Regan doubted he had done anything. He was due to have his implant reseated, Valor had said, which was why he’d been volunteered for the experiment. And why was he due for reseating? Perhaps for no reason at all other than Valor had needed a victim. She dug her nails into the inside of her wrist above her glove, where she held her hands with manufactured casualness behind her, and observed.
Valor passed a small implant reader over the back of his neck, and the Recruit made a noise between a moan and a grunt, and stiffened in every muscle. “I’ve turned off his signal,” Valor explained, stepping back to join Regan in her observation before the Recruit. “so we can see how he’ll respond to orders while he’s being prevented from ending himself.”
The Recruit slammed against his cuffs first, bruising and finally breaking the skin, but finally, it became as clear to him as it was to Regan that he’d never kill himself that way. “Please,” he begged them both. “Please, for the love of mercy, kill me. Please.” His voice rose as he repeated himself in a desperate gabble.
“But you are useful still.” Valor’s voice was inflectionless. Was this not sufficiently entertaining for him yet? Regan’s stomach muscles jerked, trying to make her vomit, but she didn’t let them. Valor looked to her, and Regan knew now it was her turn.
“There’s so much for you to do here. You don’t want to disappoint the Elders by leaving it undone, do you?” At first, the words felt like a release of pressure, something Regan could do to help, but she could see they weren’t going in.
“Kill me.” The Recruit was sobbing almost too hard to distinguish the words now.

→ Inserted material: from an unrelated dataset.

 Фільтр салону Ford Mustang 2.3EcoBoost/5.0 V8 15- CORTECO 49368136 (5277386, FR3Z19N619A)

“No.” Now, Valor smiled. “You are scum. You are too much trouble for us to kill. You can’t even do it yourself, can you? What a failure.” His tone before, Regan realized, had been his nod to pretending there was anything of an actual experiment in this torture session. Now he was letting himself have fun.
He circled the Recruit, each new sentence a knife, combined with the implant to flay away the man’s sanity. Regan lost track of time, floating in a hellish space beyond it that seemed as if it would never end. At some point, her handheld vibrated in her pocket, against her hip. She’d promised the team she’d be there to let them in soon. She couldn’t be late, lest they get caught loitering where they had no reason to be.

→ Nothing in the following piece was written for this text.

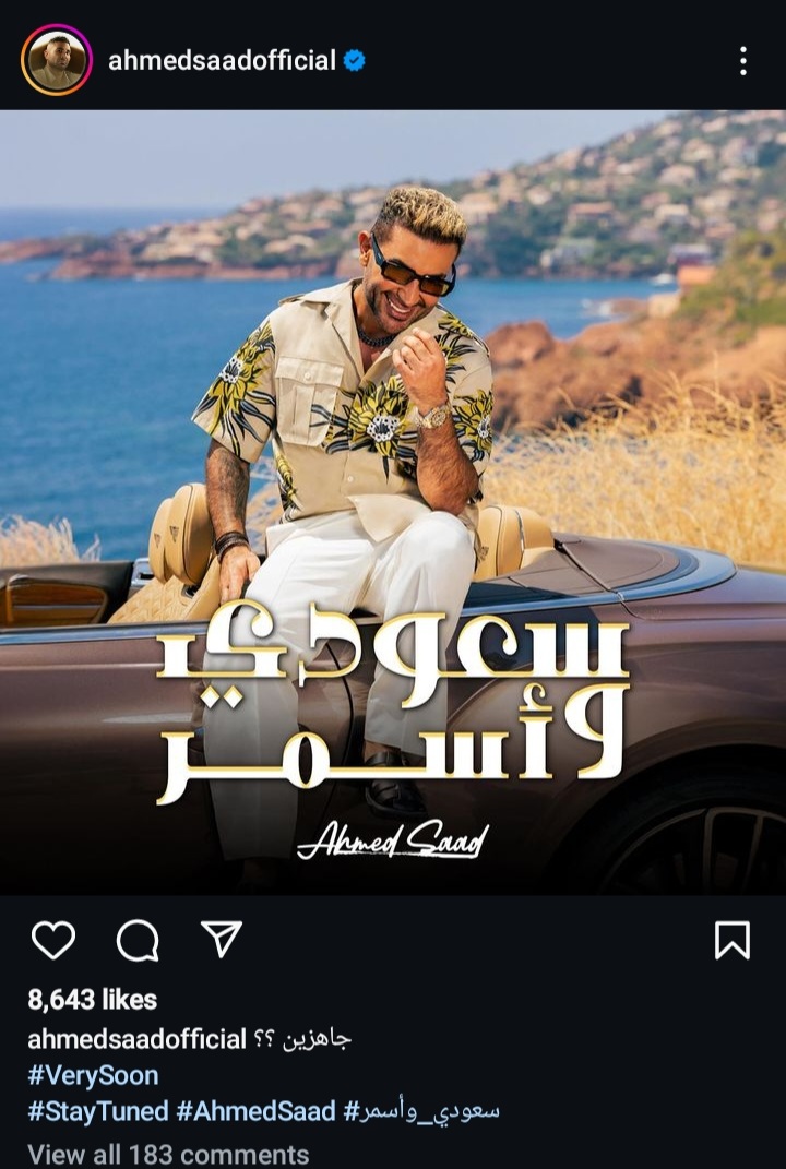 يستعد اأحمد سعد لطرح أغنيته الجديدة " سعودي وأسمر" ونشر سعد بوستر الدعائي للأغنية عبر صفحته " إنستجرام" وكتب " جاهزين"

The Recruit was having trouble breathing now, a froth of saliva on his lips. Even as the familiarity of it grew claws to rip out Regan’s guts, Valor sighed. He smoothed his hair, a grimace of boredom paving his transition back to a pleasant, professional expression. “Too far, I’m afraid. Regan, would you?” He tipped his head to where the injector waited on the work table along one of the room’s walls.
And Regan walked over to it. Picked it up. Walked back, applied it to the Recruit’s neck. She waited for the corrosive wash of guilt, the shaking, but instead she found only relief. The last death, her last failure. Unless her last failure was instead to be the kind of monster who felt relief in killing. That thought was plenty corrosive, eating away at what she had left of herself.

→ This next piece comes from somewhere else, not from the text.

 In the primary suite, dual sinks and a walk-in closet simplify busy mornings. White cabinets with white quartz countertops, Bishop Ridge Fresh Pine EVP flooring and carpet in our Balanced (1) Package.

At least now she could go. But Valor cleared his throat as she cleaned her hands. “We have one more reseating to do today. One of the staff here, I’m afraid. Jaclyn?”
Regan turned slowly to him. Her stomach was settled and her hands were steady because she couldn’t yet process the words beyond the floating sense of unreality swamping her whole body. “She needs reseating…?” Her handheld vibrated again. She needed to leave.
“It’s not the Recruit’s place to pick and choose our methods.” Valor shook his head in mock sadness.
When had Jaclyn’s objections to the hardware removal process gone beyond what was expected under the implant’s influence? Assuming Valor wasn’t simply using the objections as an excuse to keep his supply of victims flowing. But no matter how Regan tried not to think it, not to make the connection, it strangled her every breath with its strength: what if she’d caused this? Would someone with a perfectly functioning implant have reported Jaclyn long since? Had Regan unknowingly saved Jaclyn from a normal update to deliver her to torture before her death?
The moment Regan realized it, that seemed all too likely.
Her handheld vibrated. She needed to go.
But what if she stayed instead? Could she soften Valor’s torture? Pull Jaclyn through it?
No. No, it probably wouldn’t work, and no, she couldn’t stay to try. “No,” she repeated out loud without meaning to. “Please, I’ve been intimate with her. I understand it’s important, but I can’t—I can’t handle it yet, it’s too much too fast—”
The corners of Valor’s eyes creased with understanding, that for all Regan could see was entirely sincere. “You’re right. You’ve done very well so far. I’ll take care of this one myself.” He held out a hand in invitation, and Regan barely prevented herself from running as she escaped. Escaped the evidence of one last, crowning failure.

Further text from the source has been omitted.